[Material to process Boundary: Start]

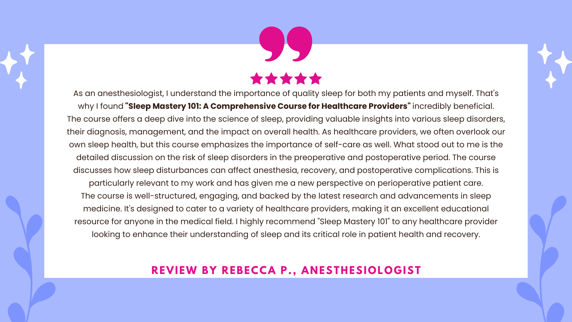 As a sleep specialist, you're already aware of the importance of good sleep for overall health. The "Sleep Mastery 101" course will provide an opportunity to delve deeper into the latest research and advancements in sleep medicine. This course will help you stay at the forefront of your field, ensuring that you can provide the best possible care to your patients.
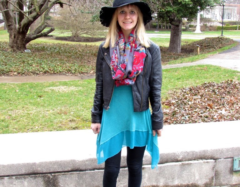Last week, I wore a flowy aqua tunic that was appropriate for springtime, but styled it with different layers to combat the chilly winds.
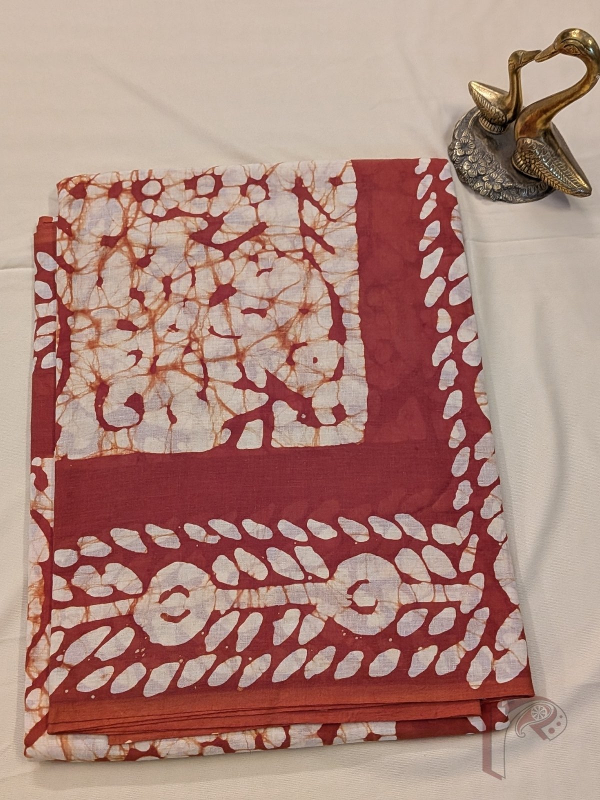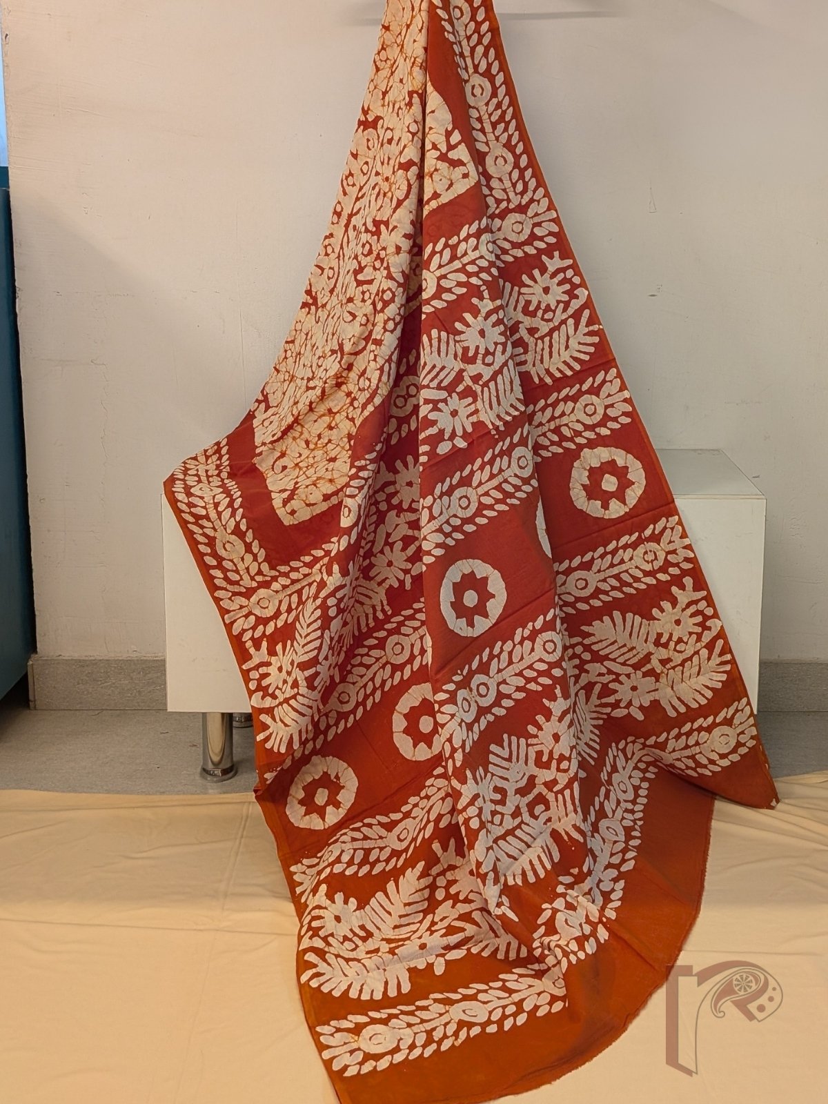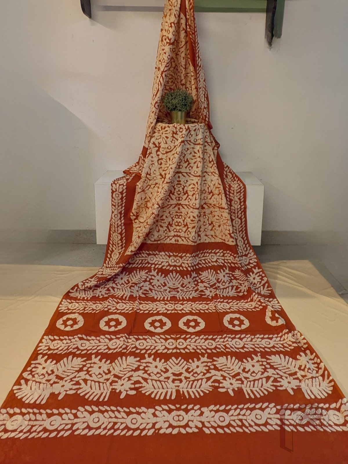 Warm and artisanal, this cream and rusty brown mul cotton saree highlights traditional batik-inspired detailing with a contemporary touch. The cream body carries batik-style prints in rusty brown, creating a textured handcrafted feel. The saree is framed with rusty brown borders featuring rounded floral and leaf batik motifs, adding bold contrast. The pallu in rusty brown continues with cream batik flower and leaf prints, forming a cohesive and striking finish. Crafted in soft, breathable mul cotton, this saree drapes effortlessly and is ideal for day-long wear. The look is completed with a plain rusty brown blouse accented with batik motif borders for sleeves and back, enhancing the overall coordinated design.
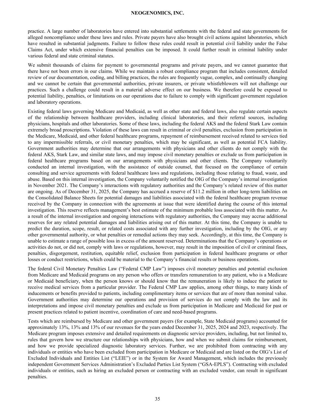 practice. A large number of laboratories have entered into substantial settlements with the federal and state governments for alleged noncompliance under these laws and rules. Private payers have also brought civil actions against laboratories, which have resulted in substantial judgments. Failure to follow these rules could result in potential civil liability under the False Claims Act, under which extensive financial penalties can be imposed. It could further result in criminal liability under various federal and state criminal statutes. We submit thousands of claims for payment to governmental programs and private payers, and we cannot guarantee that there have not been errors in our claims. While we maintain a robust compliance program that includes consistent, detailed review of our documentation, coding, and billing practices, the rules are frequently vague, complex, and continually changing and we cannot be certain that governmental authorities, private insurers, or private whistleblowers will not challenge our practices. Such a challenge could result in a material adverse effect on our business. We therefore could be exposed to potential liability, penalties, or limitations on our operations due to failure to comply with significant government regulation and laboratory operations. Existing federal laws governing Medicare and Medicaid, as well as other state and federal laws, also regulate certain aspects of the relationship between healthcare providers, including clinical laboratories, and their referral sources, including physicians, hospitals and other laboratories. Some of these laws, including the federal AKS and the federal Stark Law contain extremely broad proscriptions. Violation of these laws can result in criminal or civil penalties, exclusion from participation in the Medicare, Medicaid, and other federal healthcare programs, repayment of reimbursement received related to services tied to any impermissible referrals, or civil monetary penalties, which may be significant, as well as potential FCA liability. Government authorities may determine that our arrangements with physicians and other clients do not comply with the federal AKS, Stark Law, and similar state laws, and may impose civil monetary penalties or exclude us from participation in federal healthcare programs based on our arrangements with physicians and other clients. The Company voluntarily conducted an internal investigation, with the assistance of outside counsel, that focused on the compliance of certain consulting and service agreements with federal healthcare laws and regulations, including those relating to fraud, waste, and abuse. Based on this internal investigation, the Company voluntarily notified the OIG of the Company’s internal investigation in November 2021. The Company’s interactions with regulatory authorities and the Company’s related review of this matter are ongoing. As of December 31, 2025, the Company has accrued a reserve of $11.2 million in other long-term liabilities on the Consolidated Balance Sheets for potential damages and liabilities associated with the federal healthcare program revenue received by the Company in connection with the agreements at issue that were identified during the course of this internal investigation. This reserve reflects management’s best estimate of the minimum probable loss associated with this matter. As a result of the internal investigation and ongoing interactions with regulatory authorities, the Company may accrue additional reserves for any related potential damages and liabilities arising out of this matter. At this time, the Company is unable to predict the duration, scope, result, or related costs associated with any further investigation, including by the OIG, or any other governmental authority, or what penalties or remedial actions they may seek. Accordingly, at this time, the Company is unable to estimate a range of possible loss in excess of the amount reserved. Determinations that the Company’s operations or activities do not, or did not, comply with laws or regulations, however, may result in the imposition of civil or criminal fines, penalties, disgorgement, restitution, equitable relief, exclusion from participation in federal healthcare programs or other losses or conduct restrictions, which could be material to the Company’s financial results or business operations. The federal Civil Monetary Penalties Law (“Federal CMP Law”) imposes civil monetary penalties and potential exclusion from Medicare and Medicaid programs on any person who offers or transfers remuneration to any patient, who is a Medicare or Medicaid beneficiary, when the person knows or should know that the remuneration is likely to induce the patient to receive medical services from a particular provider. The Federal CMP Law applies, among other things, to many kinds of inducements or benefits provided to patients, including complimentary items or services that are of more than nominal value. Government authorities may determine our operations and provision of services do not comply with the law and its interpretations and impose civil monetary penalties and exclude us from participation in Medicare and Medicaid for past or present practices related to patient incentive, coordination of care and need-based programs. Tests which are reimbursed by Medicare and other government payers (for example, State Medicaid programs) accounted for approximately 13%, 13% and 13% of our revenues for the years ended December 31, 2025, 2024 and 2023, respectively. The Medicare program imposes extensive and detailed requirements on diagnostic service providers, including, but not limited to, rules that govern how we structure our relationships with physicians, how and when we submit claims for reimbursement, and how we provide specialized diagnostic laboratory services. Further, we are prohibited from contracting with any individuals or entities who have been excluded from 
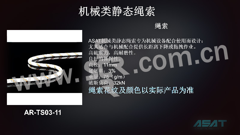 ASAT/阿萨特 机械类静态绳索 AR-TS03-11-定制 长度可定制 直径11mm 1米
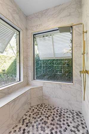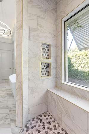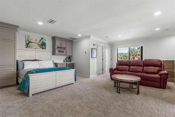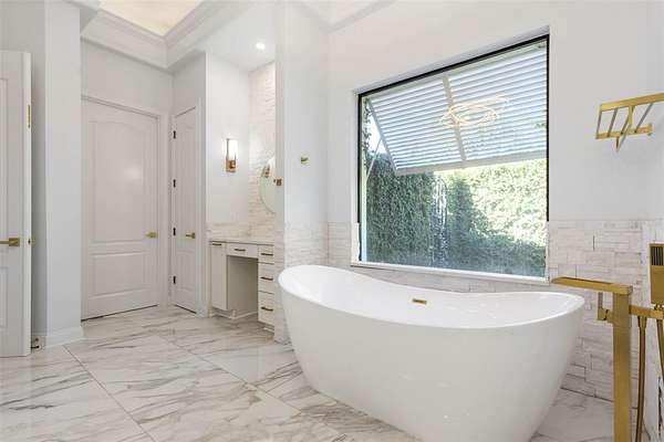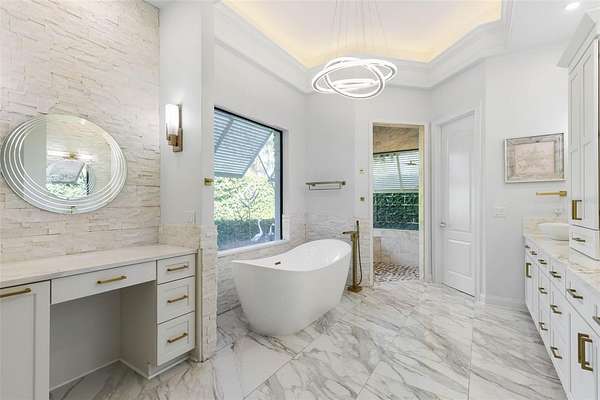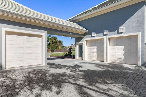 The primary suite serves as a private waterfront sanctuary, offering tranquil water views and a spa-inspired ensuite featuring a luxurious soaking tub overlooking a secluded secret garden, a beautifully appointed walk-in shower, and an additional sunlit steam shower. Three additional bedrooms--two with ensuite baths and one offering flexibility as an office or media room--along with private guest or in-law quarters positioned above the two-car garage with a separate entrance, complete the interior living spaces. A third garage bay, currently designed as a private home gym, is seamlessly connected to the main residence.

[Material to process Boundary: End]

* [What to produce]
Take every entry and repeat it verbatim, minus the pictures.

* [Solved problem]
 As a sleep specialist, you're already aware of the importance of good sleep for overall health. The "Sleep Mastery 101" course will provide an opportunity to delve deeper into the latest research and advancements in sleep medicine. This course will help you stay at the forefront of your field, ensuring that you can provide the best possible care to your patients.
Last week, I wore a flowy aqua tunic that was appropriate for springtime, but styled it with different layers to combat the chilly winds.
 Warm and artisanal, this cream and rusty brown mul cotton saree highlights traditional batik-inspired detailing with a contemporary touch. The cream body carries batik-style prints in rusty brown, creating a textured handcrafted feel. The saree is framed with rusty brown borders featuring rounded floral and leaf batik motifs, adding bold contrast. The pallu in rusty brown continues with cream batik flower and leaf prints, forming a cohesive and striking finish. Crafted in soft, breathable mul cotton, this saree drapes effortlessly and is ideal for day-long wear. The look is completed with a plain rusty brown blouse accented with batik motif borders for sleeves and back, enhancing the overall coordinated design.
 practice. A large number of laboratories have entered into substantial settlements with the federal and state governments for alleged noncompliance under these laws and rules. Private payers have also brought civil actions against laboratories, which have resulted in substantial judgments. Failure to follow these rules could result in potential civil liability under the False Claims Act, under which extensive financial penalties can be imposed. It could further result in criminal liability under various federal and state criminal statutes. We submit thousands of claims for payment to governmental programs and private payers, and we cannot guarantee that there have not been errors in our claims. While we maintain a robust compliance program that includes consistent, detailed review of our documentation, coding, and billing practices, the rules are frequently vague, complex, and continually changing and we cannot be certain that governmental authorities, private insurers, or private whistleblowers will not challenge our practices. Such a challenge could result in a material adverse effect on our business. We therefore could be exposed to potential liability, penalties, or limitations on our operations due to failure to comply with significant government regulation and laboratory operations. Existing federal laws governing Medicare and Medicaid, as well as other state and federal laws, also regulate certain aspects of the relationship between healthcare providers, including clinical laboratories, and their referral sources, including physicians, hospitals and other laboratories. Some of these laws, including the federal AKS and the federal Stark Law contain extremely broad proscriptions. Violation of these laws can result in criminal or civil penalties, exclusion from participation in the Medicare, Medicaid, and other federal healthcare programs, repayment of reimbursement received related to services tied to any impermissible referrals, or civil monetary penalties, which may be significant, as well as potential FCA liability. Government authorities may determine that our arrangements with physicians and other clients do not comply with the federal AKS, Stark Law, and similar state laws, and may impose civil monetary penalties or exclude us from participation in federal healthcare programs based on our arrangements with physicians and other clients. The Company voluntarily conducted an internal investigation, with the assistance of outside counsel, that focused on the compliance of certain consulting and service agreements with federal healthcare laws and regulations, including those relating to fraud, waste, and abuse. Based on this internal investigation, the Company voluntarily notified the OIG of the Company’s internal investigation in November 2021. The Company’s interactions with regulatory authorities and the Company’s related review of this matter are ongoing. As of December 31, 2025, the Company has accrued a reserve of $11.2 million in other long-term liabilities on the Consolidated Balance Sheets for potential damages and liabilities associated with the federal healthcare program revenue received by the Company in connection with the agreements at issue that were identified during the course of this internal investigation. This reserve reflects management’s best estimate of the minimum probable loss associated with this matter. As a result of the internal investigation and ongoing interactions with regulatory authorities, the Company may accrue additional reserves for any related potential damages and liabilities arising out of this matter. At this time, the Company is unable to predict the duration, scope, result, or related costs associated with any further investigation, including by the OIG, or any other governmental authority, or what penalties or remedial actions they may seek. Accordingly, at this time, the Company is unable to estimate a range of possible loss in excess of the amount reserved. Determinations that the Company’s operations or activities do not, or did not, comply with laws or regulations, however, may result in the imposition of civil or criminal fines, penalties, disgorgement, restitution, equitable relief, exclusion from participation in federal healthcare programs or other losses or conduct restrictions, which could be material to the Company’s financial results or business operations. The federal Civil Monetary Penalties Law (“Federal CMP Law”) imposes civil monetary penalties and potential exclusion from Medicare and Medicaid programs on any person who offers or transfers remuneration to any patient, who is a Medicare or Medicaid beneficiary, when the person knows or should know that the remuneration is likely to induce the patient to receive medical services from a particular provider. The Federal CMP Law applies, among other things, to many kinds of inducements or benefits provided to patients, including complimentary items or services that are of more than nominal value. Government authorities may determine our operations and provision of services do not comply with the law and its interpretations and impose civil monetary penalties and exclude us from participation in Medicare and Medicaid for past or present practices related to patient incentive, coordination of care and need-based programs. Tests which are reimbursed by Medicare and other government payers (for example, State Medicaid programs) accounted for approximately 13%, 13% and 13% of our revenues for the years ended December 31, 2025, 2024 and 2023, respectively. The Medicare program imposes extensive and detailed requirements on diagnostic service providers, including, but not limited to, rules that govern how we structure our relationships with physicians, how and when we submit claims for reimbursement, and how we provide specialized diagnostic laboratory services. Further, we are prohibited from contracting with any individuals or entities who have been excluded from 
 ASAT/阿萨特 机械类静态绳索 AR-TS03-11-定制 长度可定制 直径11mm 1米
 The primary suite serves as a private waterfront sanctuary, offering tranquil water views and a spa-inspired ensuite featuring a luxurious soaking tub overlooking a secluded secret garden, a beautifully appointed walk-in shower, and an additional sunlit steam shower. Three additional bedrooms--two with ensuite baths and one offering flexibility as an office or media room--along with private guest or in-law quarters positioned above the two-car garage with a separate entrance, complete the interior living spaces. A third garage bay, currently designed as a private home gym, is seamlessly connected to the main residence.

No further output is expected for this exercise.